What causes pain that feels like walking over flaming charcoal with a 3-inch nail embedded in your heel? The culprit is no bigger than the size of your thumb. Paraponera clavata, also known as the bullet ant, is an ant native to the South American rainforest [1]. The ant gets its common name from the long lasting and intense pain caused by its sting, which many people find comparable to being shot with a bullet. Despite the pain, its sting is not lethal and does not cause any serious damage. In fact, tribes native to the ant’s region of origin would perform a ritual in which young boys must prove their manhood by wearing a glove composed entirely of bullet ants woven between leaves [2]. The advantage of a pain inducing sting that doesn’t easily kill is that the victim will live to remember the pain and avoid messing with the ants in the future. If the sting were lethal, the victim would not be able to learn or pass on the knowledge that these ants should be avoided to its offspring. This can lead to more ant deaths since there will be more attempts by unaware predators to target these ants for food. Since the sting is painful but not dangerous, scientists see it as a unique system to study how pain works. This research may lead to a better understanding and new treatments for certain chronic pain disorders. So how is the sting so painful yet not dangerous?

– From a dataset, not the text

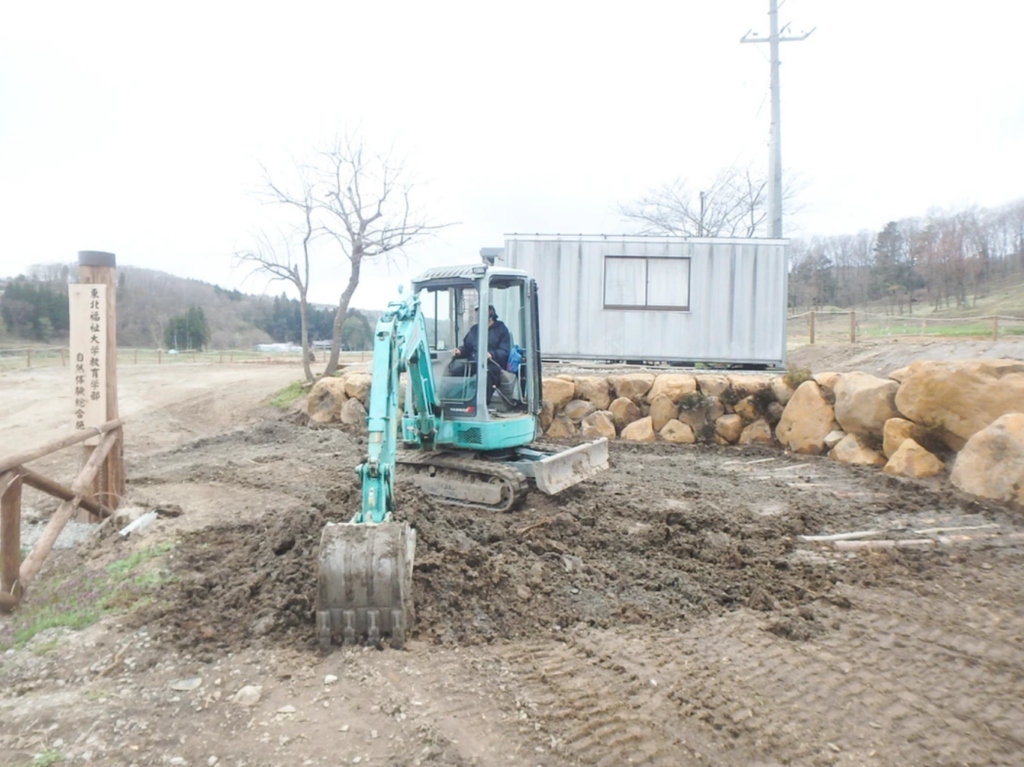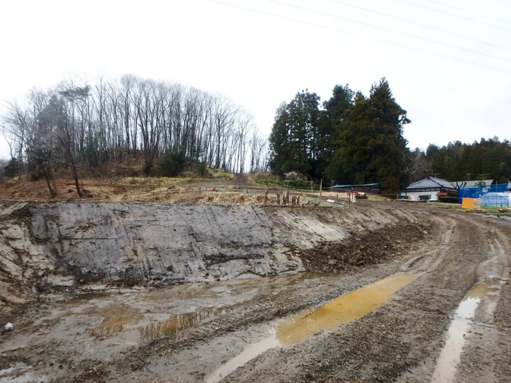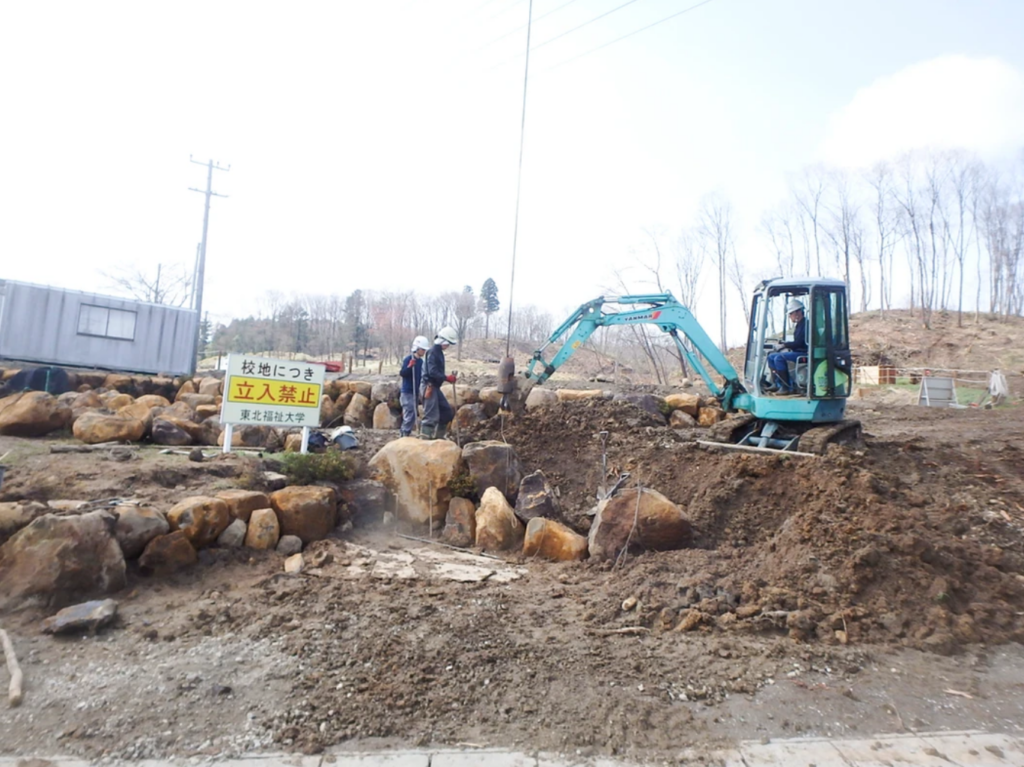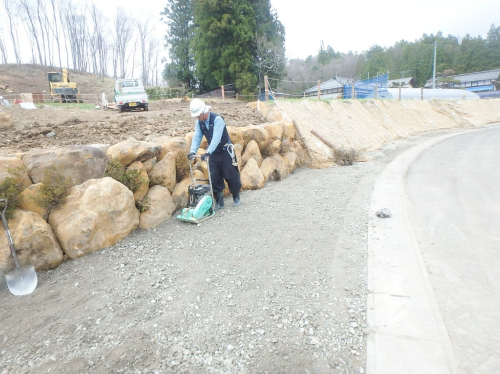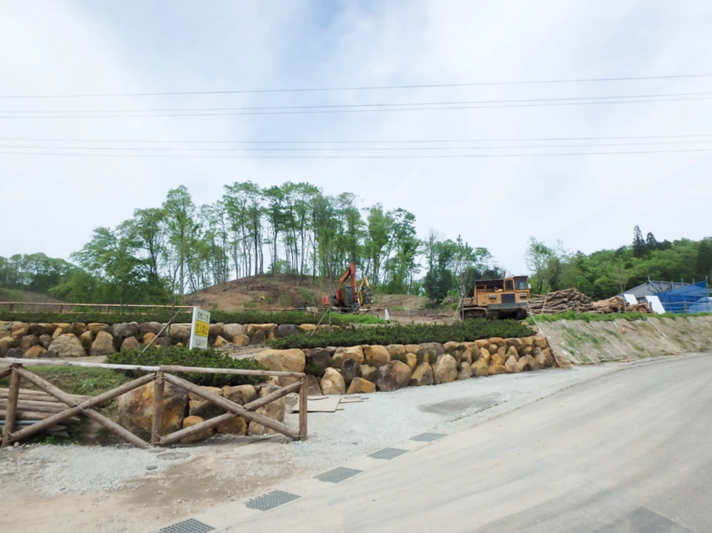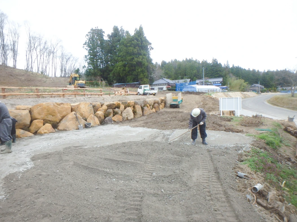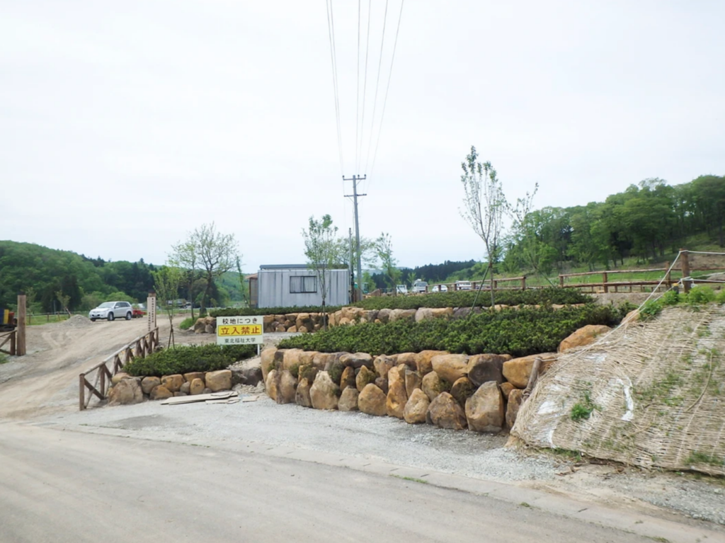 弊社が平成28年に手がけた「大きな石を使った石積み」の現場、朴木山(ほおのきやま)にございます、東北福祉大・西田中キャンパスでの石積みです。総計で約40mと非常に長い石積みとなりました。石積みは2段に分かれており、中央の通路を挟むような形で両側に石積みがあるような設計だそう。水捌けの悪い現場だったようで、排水に関しても随分苦労されたとの事でした。

To understand the reason why the bullet ants sting is so agonizing, we must first consider how our bodies detect painful stimuli and how that sensation is carried to the brain. Our skin is innervated by sensory neurons, called nociceptors, with the purpose is to detect damage causing sensations and transmit this information to the brain. Different forms of pain activate the nociceptors differently, but the mechanism always involves an influx of positively charged ions into the cell. As the positive charge builds up in the cell, it activates nearby voltage gated sodium channels. These channels have several components that allow it to exist in three states. When the charge in the cell is low, a component called the activation gate keeps the channel closed, preventing passage of sodium ions. When the charge is high enough, a voltage sensing component will cause the activation gate to open. This allows sodium to enter, and since sodium is positively charged, the charge inside the cell increases further allowing neighboring voltage gated sodium channels to open. To prevent overactivation, the channels do not stay open for very long, so shortly thereafter, a component called the inactivation gate moves in to block the channel until the local charge around the channel returns to normal. The rapid opening and closing of the voltage gated sodium channels creates a chain reaction of voltage gated channel openings that propagates along the neuron all the way to its nerve terminal in the spinal cord. When the charge reaches the terminal, it triggers the release of neurotransmitters which activate neurons in the spine that relay the signal to the brain, where the perception of pain occurs.
So how does the bullet ants sting affect pain? Basically, bullet ant venom causes the pain sensing neurons to fire by bypassing the stopping mechanism in a way that leads to intense and ceaseless pain. Within the bullet ants’ venom is a small peptide called Poneratoxin. Poneratoxin induces pain by interacting with the voltage gated sodium channels. All neurons have voltage gated sodium channels but different cells have different types. One type, called Nav1.7, is mainly found on pain sensing nociceptors. Poneratoxin selectively binds to Nav1.7, and makes it impossible for the inactivation gate to close. As a result, the mechanical damage caused by the sting itself causes Nav1.7 to open and the charge rises in the cell, but since the channel can't close, sodium continually flows into the cell causing the charge to remain high. This results in ceaseless activation of the nociceptor which relays the signal to the spinal cord and as a result the brain receives a continuous pain signal [3].
An illustration of this mechanism can be seen in this video:
(url: https://www.youtube.com/watch?v=cXivTK5-rZY)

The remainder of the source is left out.